Of the entries below, return exactly those lines that fall between the one containing "Burze śnieżne nawiedziły" and the one containing "SON EL PERIODISMO LA VOZ DE MICHOACÁN", the two end lines included.

PROVIDED RECORDS:
+ + + + + + +
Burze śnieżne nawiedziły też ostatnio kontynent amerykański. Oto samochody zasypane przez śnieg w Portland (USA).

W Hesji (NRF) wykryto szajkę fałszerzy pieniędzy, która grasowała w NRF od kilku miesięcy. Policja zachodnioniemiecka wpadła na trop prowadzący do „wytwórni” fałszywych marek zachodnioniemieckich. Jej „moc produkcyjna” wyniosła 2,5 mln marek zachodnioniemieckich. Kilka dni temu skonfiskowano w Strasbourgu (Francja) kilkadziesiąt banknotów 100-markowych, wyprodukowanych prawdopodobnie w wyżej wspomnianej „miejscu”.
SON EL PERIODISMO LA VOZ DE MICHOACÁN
+ + + + + + +
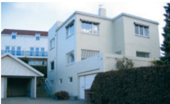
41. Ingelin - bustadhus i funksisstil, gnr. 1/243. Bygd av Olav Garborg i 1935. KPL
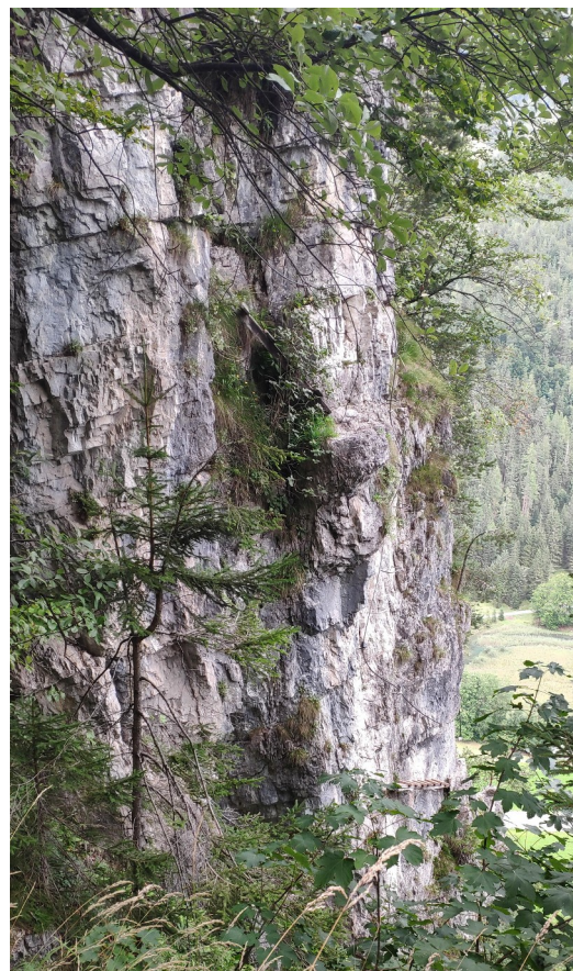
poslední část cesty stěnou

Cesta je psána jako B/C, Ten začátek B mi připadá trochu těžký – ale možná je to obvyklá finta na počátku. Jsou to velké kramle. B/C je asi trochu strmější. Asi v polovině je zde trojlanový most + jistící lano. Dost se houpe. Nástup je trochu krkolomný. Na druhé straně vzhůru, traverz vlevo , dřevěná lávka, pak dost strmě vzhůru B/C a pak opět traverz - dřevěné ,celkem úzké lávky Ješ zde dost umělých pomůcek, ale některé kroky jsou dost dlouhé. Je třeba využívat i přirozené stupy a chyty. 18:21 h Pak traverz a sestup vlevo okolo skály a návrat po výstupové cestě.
+ + + + + + +
YOUR SOLUTION:
Burze śnieżne nawiedziły też ostatnio kontynent amerykański. Oto samochody zasypane przez śnieg w Portland (USA).

W Hesji (NRF) wykryto szajkę fałszerzy pieniędzy, która grasowała w NRF od kilku miesięcy. Policja zachodnioniemiecka wpadła na trop prowadzący do „wytwórni” fałszywych marek zachodnioniemieckich. Jej „moc produkcyjna” wyniosła 2,5 mln marek zachodnioniemieckich. Kilka dni temu skonfiskowano w Strasbourgu (Francja) kilkadziesiąt banknotów 100-markowych, wyprodukowanych prawdopodobnie w wyżej wspomnianej „miejscu”.
SON EL PERIODISMO LA VOZ DE MICHOACÁN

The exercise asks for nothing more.